The whole loop, from Jira ticket to open PR, happens without leaving the terminal.
Agent teams: the next level
Claude recently shipped agent teams, taking the sub-agent pattern further. Instead of isolated workers reporting back, agent teams are full Claude Code sessions that communicate with each other, share a task list, and self-coordinate.
Where I've found this useful: giving teammates distinct personas. For example:
- A frontend specialist focused on component architecture and UX
- A backend engineer on API design and data modeling
- A principal engineer who reviews each teammate's output for architectural consistency, edge cases, and cross-cutting concerns
- A critic whose only job is to poke holes in every proposal
The critic and principal engineer matter most. Without them, Claude settles on the first workable approach. Unlike sub-agents, teammates talk to each other directly, not just back to you. Still experimental and burns tokens, but I've had good results on complex cross-cutting problems.
Failure patterns
These cost me time before I named them:
- Kitchen sink session - Too many unrelated tasks in one conversation. Context gets muddled. One task per session.
- Correcting over and over - Third correction for the same issue? The approach is wrong. Reset context, reframe the problem.
- Over-specified CLAUDE.md - Entire coding style guides in always-on context. Move non-essentials to skills.
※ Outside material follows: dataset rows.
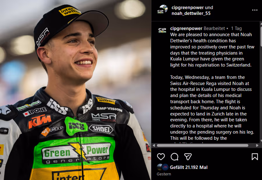 Zwei Wochen nach dem schweren Unfall beim Moto3-Rennen in Malaysia ist Noah Dettwiler (20) zurück in der Schweiz. Sein Manager gibt ein Update.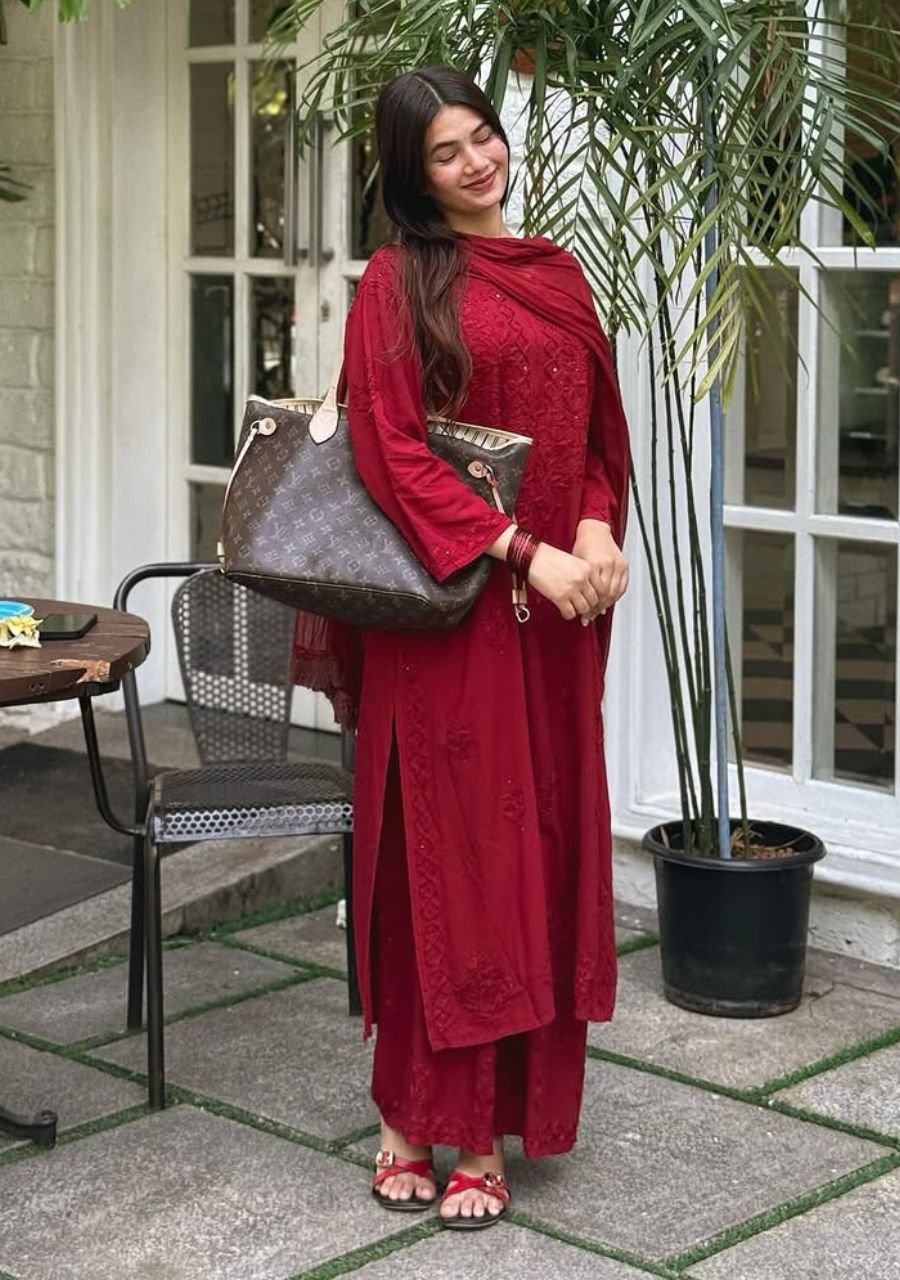 Stylish and elegant, this 3-piece suit features timeless Chikankari hand embroidery with delicate Mukesh embellishments. Designed in a flowing silhouette, it’s perfect for festive formals and effortlessly channels that Desi girl charm.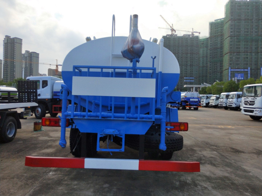 罐體實際容積為:5-20立方米.罐體采用武漢鋼鐵公司Q235優質碳鋼板材,罐體內設多道防波隔板,采用高壓氣體試漏檢測,使罐體具有強度高,重心穩.車輛運載安全平穩.罐體外表涂防銹漆及裝飾漆.罐體及各杠貼紅白色視覺反光條,罐體兩側噴“綠化灑水車”字樣(可按您的要求噴繪字樣),罐體顏色出廠為上白下綠或上白下藍(可按您的要求噴繪顏色).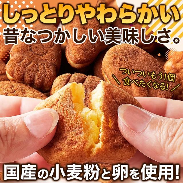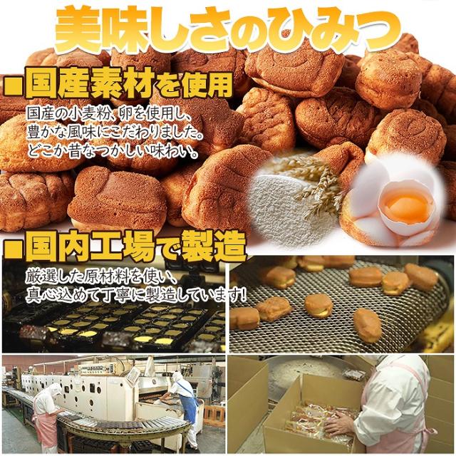 【美味しさのひみつ】国産の小麦粉、卵を使用。豊かな風味にこだわり、どこか昔なつかしい味わいに仕上げました!!厳選した原材料を使い、国内工場で製造しています。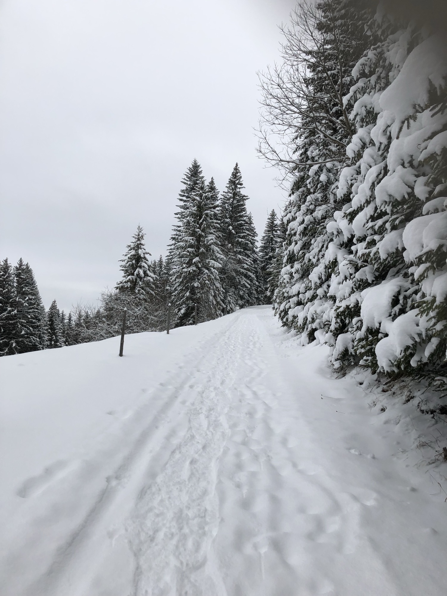 Panoramablick vom Springenboden ins hintere Diemtigtal mit verschneiten Bergen und Tannen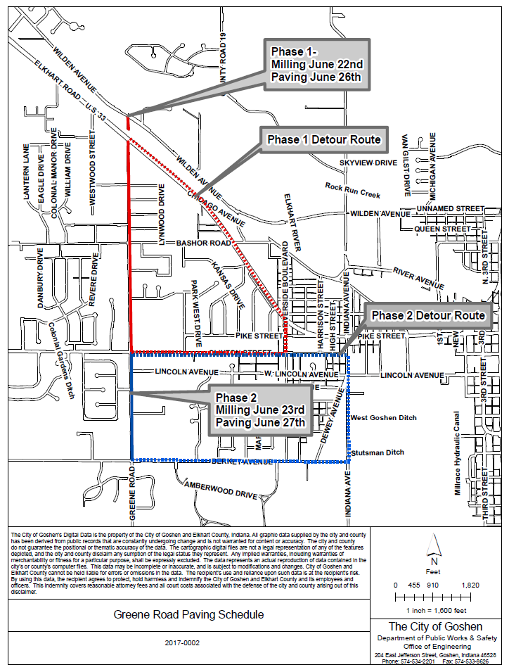 Tuesday, June 26: Paving Greene Road from Elkhart Road (US 33) to Wilden Avenue and Elkhart Road to Clinton Street. The detour will be Elkhart Road to Riverside Boulevard to Clinton Street
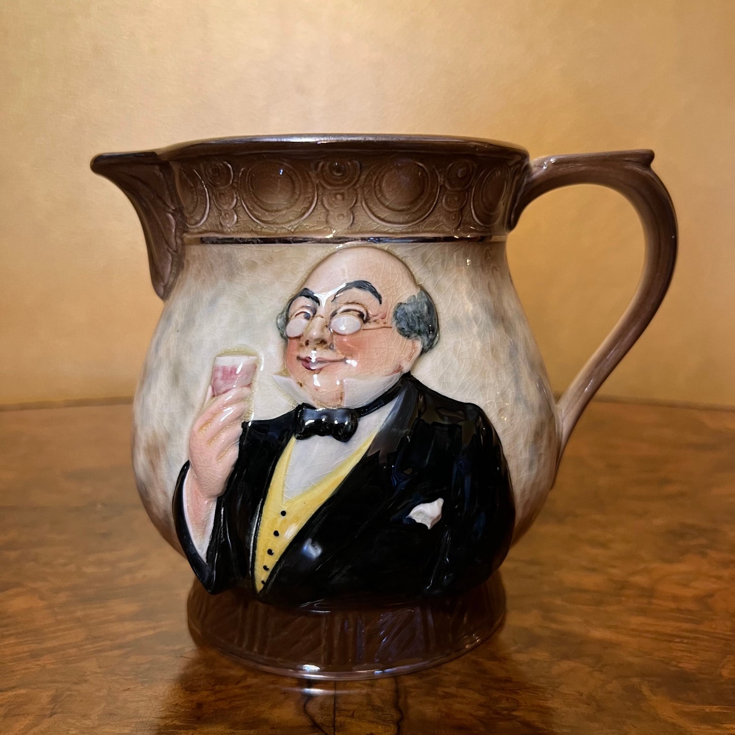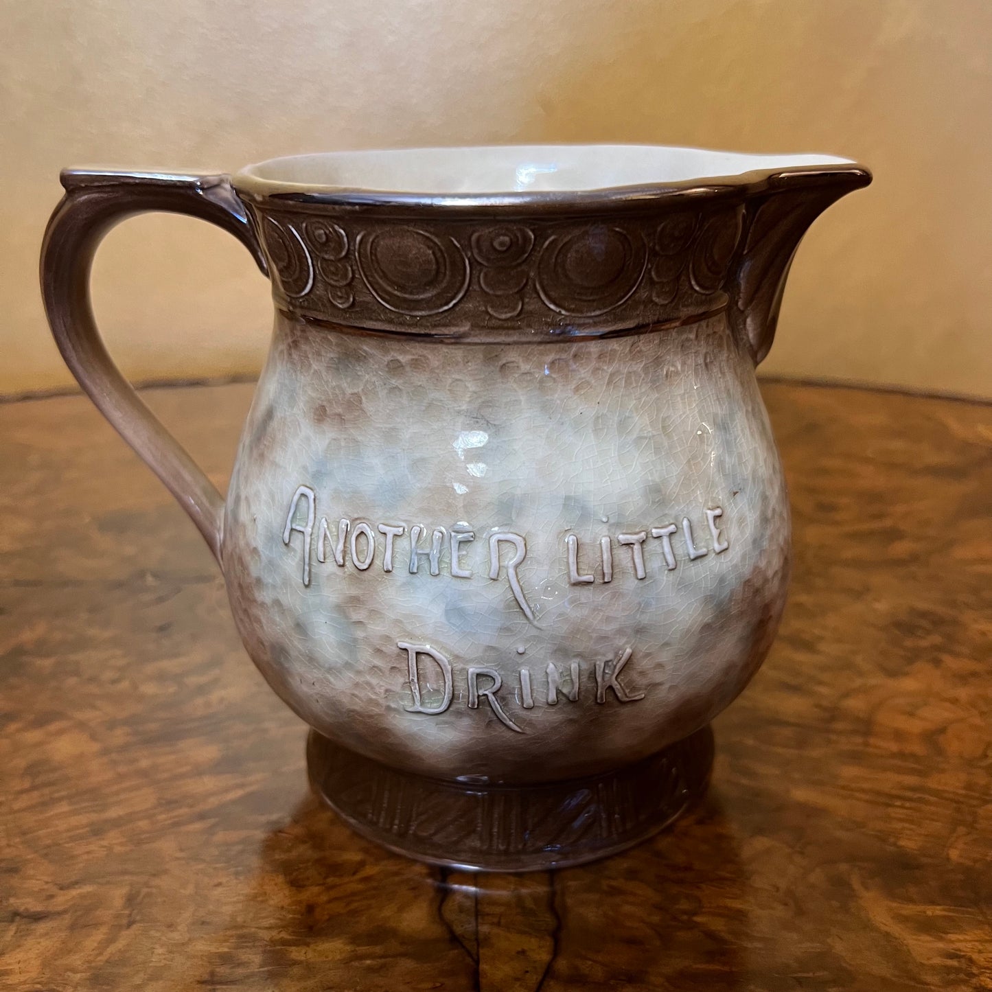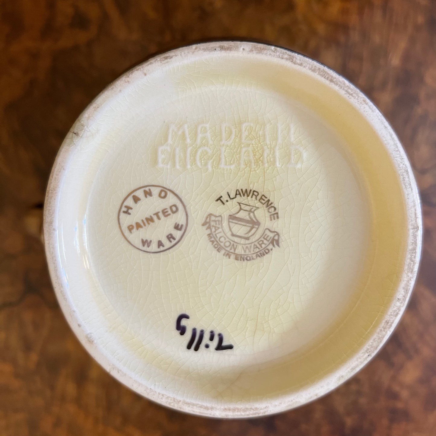 Embossed Man holding a drink, on the back has writing " Another little drink" crazing, has some wear to print and gold trim, stamped T Lawrence Falcon Ware

- Trust-then-verify gap - Only checking the final result. A wrong assumption in step 2 compounds through steps 3, 4, 5. Bake verification into the plan.
- Infinite exploration - Claude reads file after file without scope. Use sub-agents so only the summary comes back.
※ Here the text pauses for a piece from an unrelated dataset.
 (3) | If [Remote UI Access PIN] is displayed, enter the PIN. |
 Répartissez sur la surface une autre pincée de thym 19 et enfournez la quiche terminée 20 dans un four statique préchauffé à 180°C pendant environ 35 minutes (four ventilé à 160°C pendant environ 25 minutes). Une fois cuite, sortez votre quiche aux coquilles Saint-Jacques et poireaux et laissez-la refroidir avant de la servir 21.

- Skipping the plan - A thrown-away implementation costs more than five minutes reviewing a plan.
Security
With agentic coding, the attack surface expands. Three things worth attention:
Prompt injection - Untrusted text (a README, a Jira comment, a fetched web page) can steer the agent into unsafe actions.
Permission fatigue - After fifty "approve" clicks, you stop reading. Use allowlists so you only get prompted for things that matter.
Tool/MCP risk - Network-capable tools expand what the agent can reach. Only use trusted providers, scope permissions tightly.
Tools I recommend:
- claude-security-guidance - A security reminder hook that warns about potential security issues when editing files.
- claude-code-safety-net - A PreToolUse hook that blocks destructive git/filesystem commands before they run. Designed to not interfere with normal workflows.
- leash - Runs agents in a containerized environment and manages mounts/config, keeping blast radius contained.
- Sandboxed VMs - I wrote about my sandbox setup previously.
- Scoped access tokens - Fine-grained GitHub PATs limited to a single repo.
One last thing
Even if you don't adopt the full brainstorm-plan-implement-verify loop, one habit worth picking up: before jumping into implementation, just tell Claude to ask you 5 clarifying questions first. It feels like a small thing, but those questions catch stuff you'd otherwise miss.
Garbage in, garbage out. Same is with agentic coding.